All of the data should be output character for character, except the pictures.

Top of Data shown

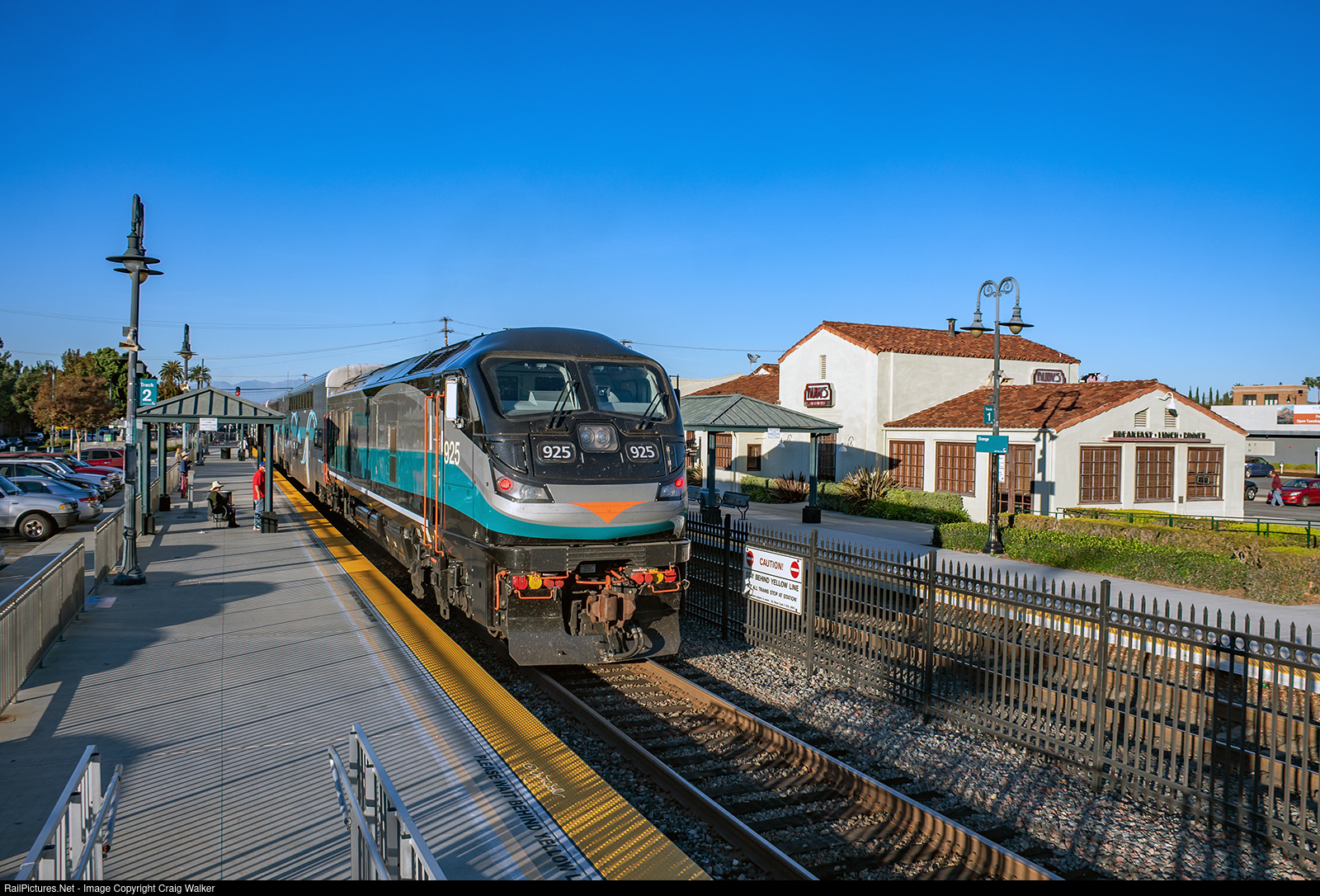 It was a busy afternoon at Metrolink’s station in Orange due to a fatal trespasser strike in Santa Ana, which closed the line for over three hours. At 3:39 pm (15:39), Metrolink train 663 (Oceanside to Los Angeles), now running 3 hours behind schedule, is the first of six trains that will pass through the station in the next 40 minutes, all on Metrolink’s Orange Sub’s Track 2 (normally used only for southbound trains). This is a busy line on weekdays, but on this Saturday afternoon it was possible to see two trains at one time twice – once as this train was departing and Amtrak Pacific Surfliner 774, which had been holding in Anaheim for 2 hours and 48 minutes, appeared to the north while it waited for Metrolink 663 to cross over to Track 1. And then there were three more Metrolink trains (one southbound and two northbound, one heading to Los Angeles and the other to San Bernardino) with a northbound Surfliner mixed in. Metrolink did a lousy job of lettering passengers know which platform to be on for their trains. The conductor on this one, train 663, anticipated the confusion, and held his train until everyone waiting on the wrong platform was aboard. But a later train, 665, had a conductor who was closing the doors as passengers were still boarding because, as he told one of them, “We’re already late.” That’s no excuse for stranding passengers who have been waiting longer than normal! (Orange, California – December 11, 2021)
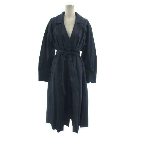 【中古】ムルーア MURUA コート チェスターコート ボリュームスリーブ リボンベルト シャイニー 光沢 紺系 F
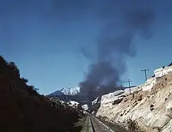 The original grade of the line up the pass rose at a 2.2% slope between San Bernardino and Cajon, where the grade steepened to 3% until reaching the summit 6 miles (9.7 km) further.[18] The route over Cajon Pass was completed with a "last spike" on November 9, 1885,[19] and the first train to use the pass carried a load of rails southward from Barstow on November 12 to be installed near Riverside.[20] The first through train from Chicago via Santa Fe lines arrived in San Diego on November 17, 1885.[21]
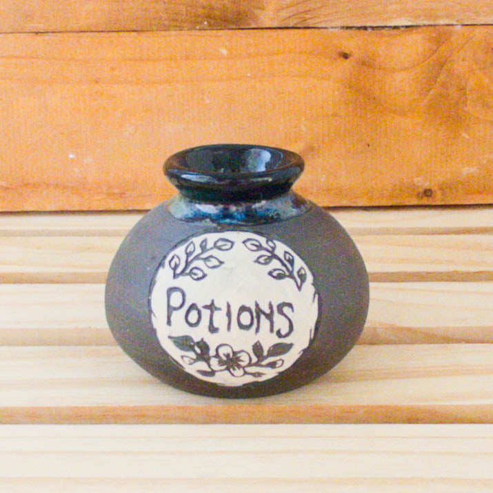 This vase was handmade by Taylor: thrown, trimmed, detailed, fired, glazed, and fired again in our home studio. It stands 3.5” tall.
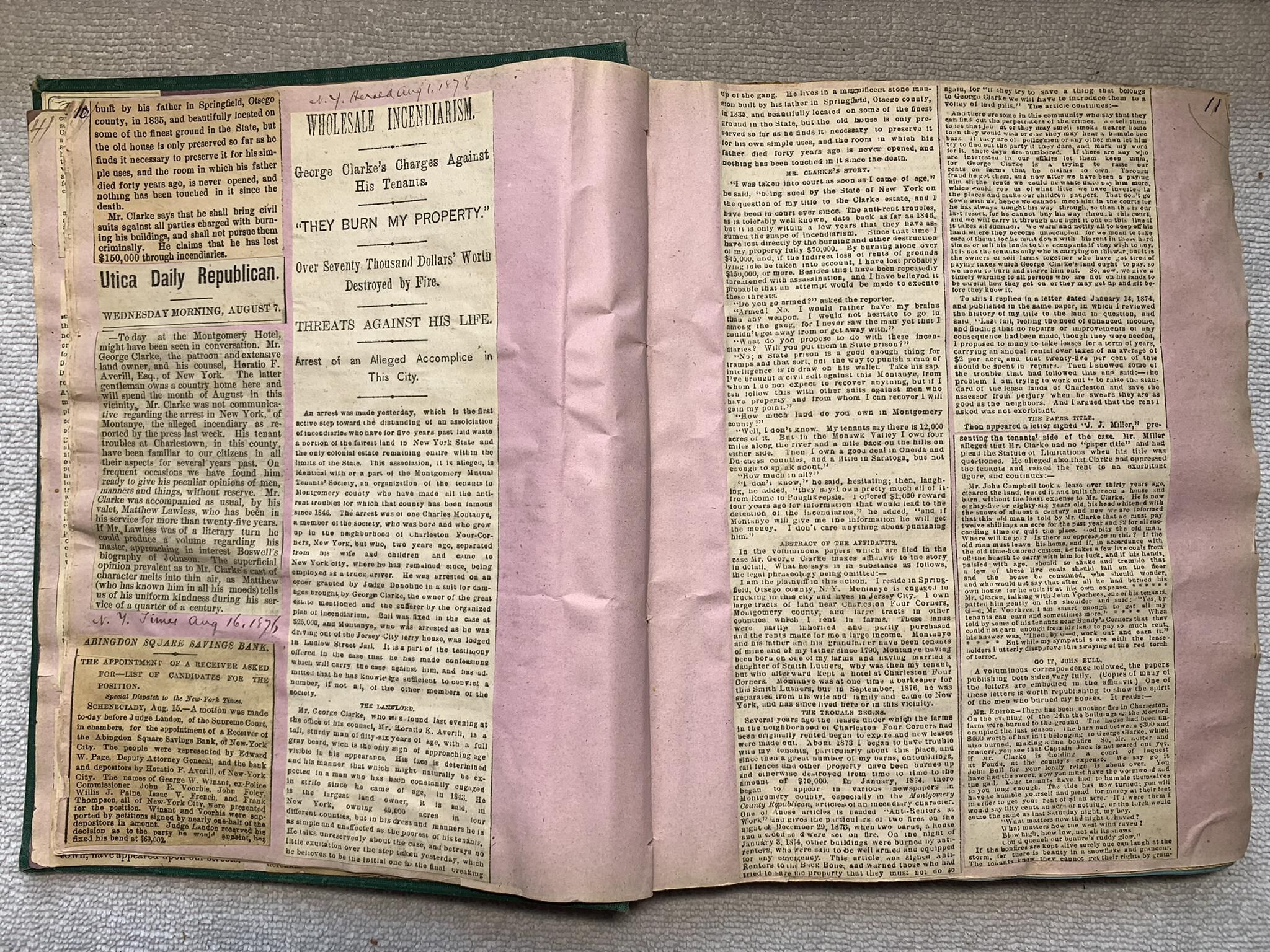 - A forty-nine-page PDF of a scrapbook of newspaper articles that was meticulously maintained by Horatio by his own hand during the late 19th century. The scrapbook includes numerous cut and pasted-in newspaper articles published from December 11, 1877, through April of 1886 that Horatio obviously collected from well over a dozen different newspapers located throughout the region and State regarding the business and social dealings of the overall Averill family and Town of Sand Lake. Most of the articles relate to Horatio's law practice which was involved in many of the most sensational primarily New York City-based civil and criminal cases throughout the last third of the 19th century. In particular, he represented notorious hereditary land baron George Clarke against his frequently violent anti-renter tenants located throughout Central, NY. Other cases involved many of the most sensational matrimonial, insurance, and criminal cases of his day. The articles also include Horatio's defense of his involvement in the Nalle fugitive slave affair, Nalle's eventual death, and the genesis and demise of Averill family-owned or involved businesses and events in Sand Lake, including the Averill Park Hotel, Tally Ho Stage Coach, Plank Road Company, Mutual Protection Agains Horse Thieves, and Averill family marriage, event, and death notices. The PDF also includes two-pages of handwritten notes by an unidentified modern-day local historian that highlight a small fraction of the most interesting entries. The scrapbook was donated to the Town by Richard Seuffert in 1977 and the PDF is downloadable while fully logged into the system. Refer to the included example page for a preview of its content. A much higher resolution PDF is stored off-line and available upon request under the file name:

Bottom of Data shown

▸ Exercise solution:
 It was a busy afternoon at Metrolink’s station in Orange due to a fatal trespasser strike in Santa Ana, which closed the line for over three hours. At 3:39 pm (15:39), Metrolink train 663 (Oceanside to Los Angeles), now running 3 hours behind schedule, is the first of six trains that will pass through the station in the next 40 minutes, all on Metrolink’s Orange Sub’s Track 2 (normally used only for southbound trains). This is a busy line on weekdays, but on this Saturday afternoon it was possible to see two trains at one time twice – once as this train was departing and Amtrak Pacific Surfliner 774, which had been holding in Anaheim for 2 hours and 48 minutes, appeared to the north while it waited for Metrolink 663 to cross over to Track 1. And then there were three more Metrolink trains (one southbound and two northbound, one heading to Los Angeles and the other to San Bernardino) with a northbound Surfliner mixed in. Metrolink did a lousy job of lettering passengers know which platform to be on for their trains. The conductor on this one, train 663, anticipated the confusion, and held his train until everyone waiting on the wrong platform was aboard. But a later train, 665, had a conductor who was closing the doors as passengers were still boarding because, as he told one of them, “We’re already late.” That’s no excuse for stranding passengers who have been waiting longer than normal! (Orange, California – December 11, 2021)
 【中古】ムルーア MURUA コート チェスターコート ボリュームスリーブ リボンベルト シャイニー 光沢 紺系 F
 The original grade of the line up the pass rose at a 2.2% slope between San Bernardino and Cajon, where the grade steepened to 3% until reaching the summit 6 miles (9.7 km) further.[18] The route over Cajon Pass was completed with a "last spike" on November 9, 1885,[19] and the first train to use the pass carried a load of rails southward from Barstow on November 12 to be installed near Riverside.[20] The first through train from Chicago via Santa Fe lines arrived in San Diego on November 17, 1885.[21]
 This vase was handmade by Taylor: thrown, trimmed, detailed, fired, glazed, and fired again in our home studio. It stands 3.5” tall.
 - A forty-nine-page PDF of a scrapbook of newspaper articles that was meticulously maintained by Horatio by his own hand during the late 19th century. The scrapbook includes numerous cut and pasted-in newspaper articles published from December 11, 1877, through April of 1886 that Horatio obviously collected from well over a dozen different newspapers located throughout the region and State regarding the business and social dealings of the overall Averill family and Town of Sand Lake. Most of the articles relate to Horatio's law practice which was involved in many of the most sensational primarily New York City-based civil and criminal cases throughout the last third of the 19th century. In particular, he represented notorious hereditary land baron George Clarke against his frequently violent anti-renter tenants located throughout Central, NY. Other cases involved many of the most sensational matrimonial, insurance, and criminal cases of his day. The articles also include Horatio's defense of his involvement in the Nalle fugitive slave affair, Nalle's eventual death, and the genesis and demise of Averill family-owned or involved businesses and events in Sand Lake, including the Averill Park Hotel, Tally Ho Stage Coach, Plank Road Company, Mutual Protection Agains Horse Thieves, and Averill family marriage, event, and death notices. The PDF also includes two-pages of handwritten notes by an unidentified modern-day local historian that highlight a small fraction of the most interesting entries. The scrapbook was donated to the Town by Richard Seuffert in 1977 and the PDF is downloadable while fully logged into the system. Refer to the included example page for a preview of its content. A much higher resolution PDF is stored off-line and available upon request under the file name:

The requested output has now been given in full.